- DATA BELOW -
+++
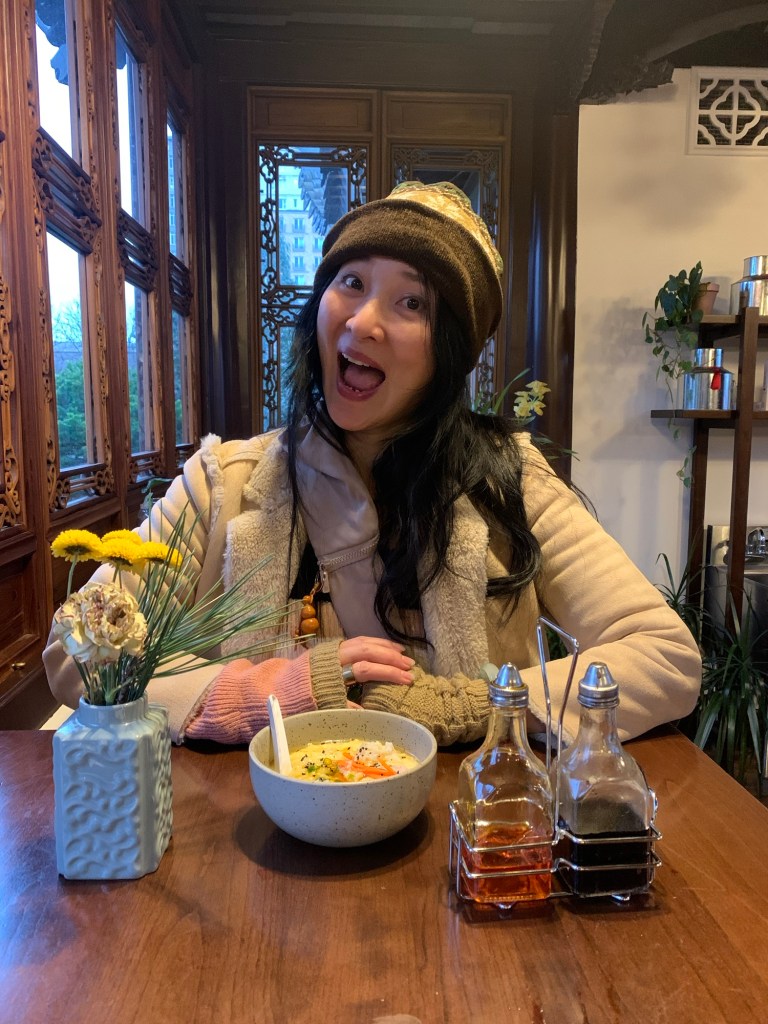 Lan Tzu Chinese Garden, Portland, OR: There is a two storey tea house where teas, hot tasty congee and lotus mooncake desserts can be had upstairs with delicious condiments. The perfect winter pit stop that reminds me of the confort food shared growing up. : )
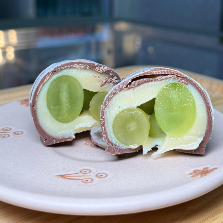 Brigadeiro branco cremoso com uva verde sem semente, envolto em uma casquinha de chocolate ao leite. Um clássico refrescante e irresistível!
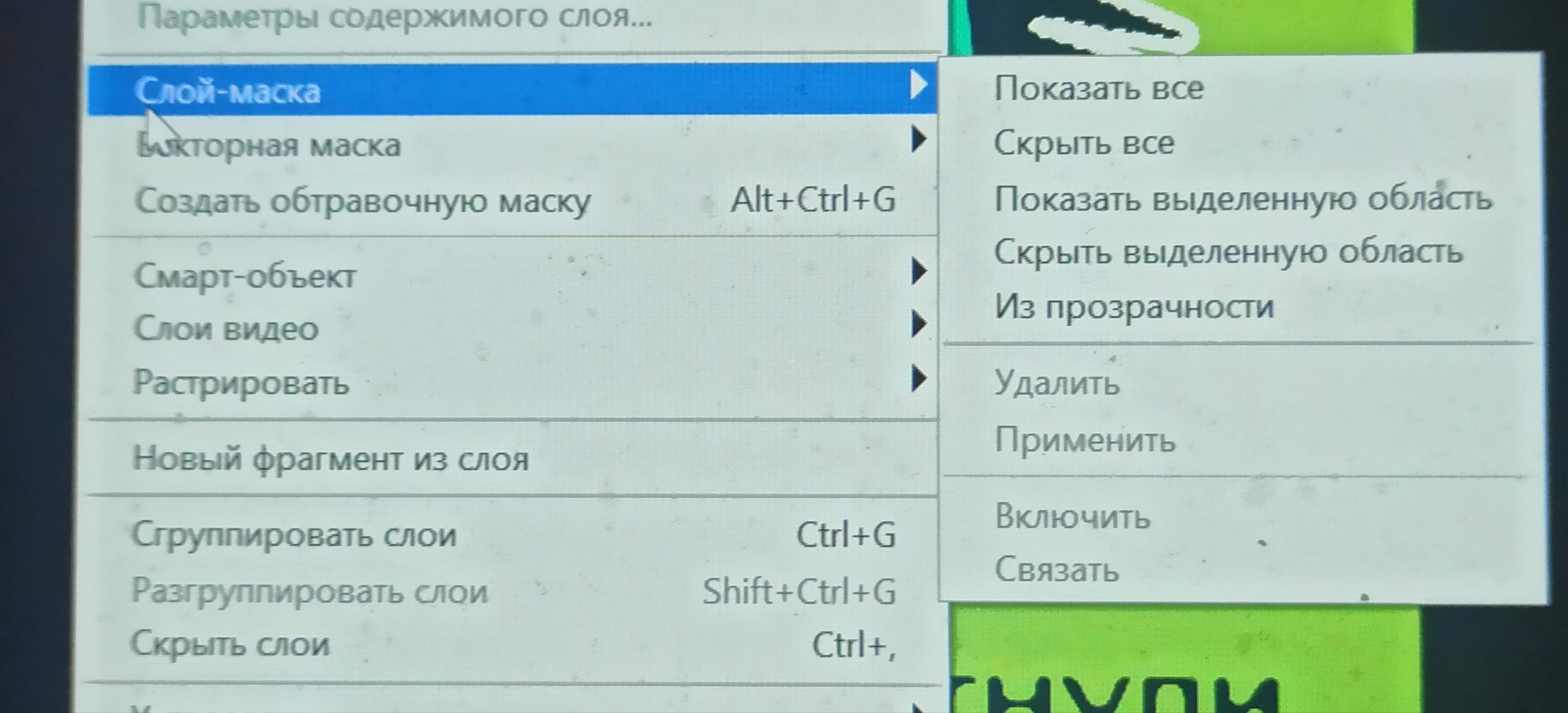 В обычном виде там есть команды "все скрыть", "все открыть" - появляется на слое ещё одно окошко с этой маской. Черная (все скрыть)или белая (все открыть) кликнув там по ней, вы можете рисовать всячески по этой маске черным или белым, и, таким образом скрывать или открывать части слоя. (но сам слой остаётся как бы, вы всегда можете что то снова поменять открыть или закрыть)
+++
Please provide a faithful transcription of all the data, pictures excluded.

 Lan Tzu Chinese Garden, Portland, OR: There is a two storey tea house where teas, hot tasty congee and lotus mooncake desserts can be had upstairs with delicious condiments. The perfect winter pit stop that reminds me of the confort food shared growing up. : )
 Brigadeiro branco cremoso com uva verde sem semente, envolto em uma casquinha de chocolate ao leite. Um clássico refrescante e irresistível!
 В обычном виде там есть команды "все скрыть", "все открыть" - появляется на слое ещё одно окошко с этой маской. Черная (все скрыть)или белая (все открыть) кликнув там по ней, вы можете рисовать всячески по этой маске черным или белым, и, таким образом скрывать или открывать части слоя. (но сам слой остаётся как бы, вы всегда можете что то снова поменять открыть или закрыть)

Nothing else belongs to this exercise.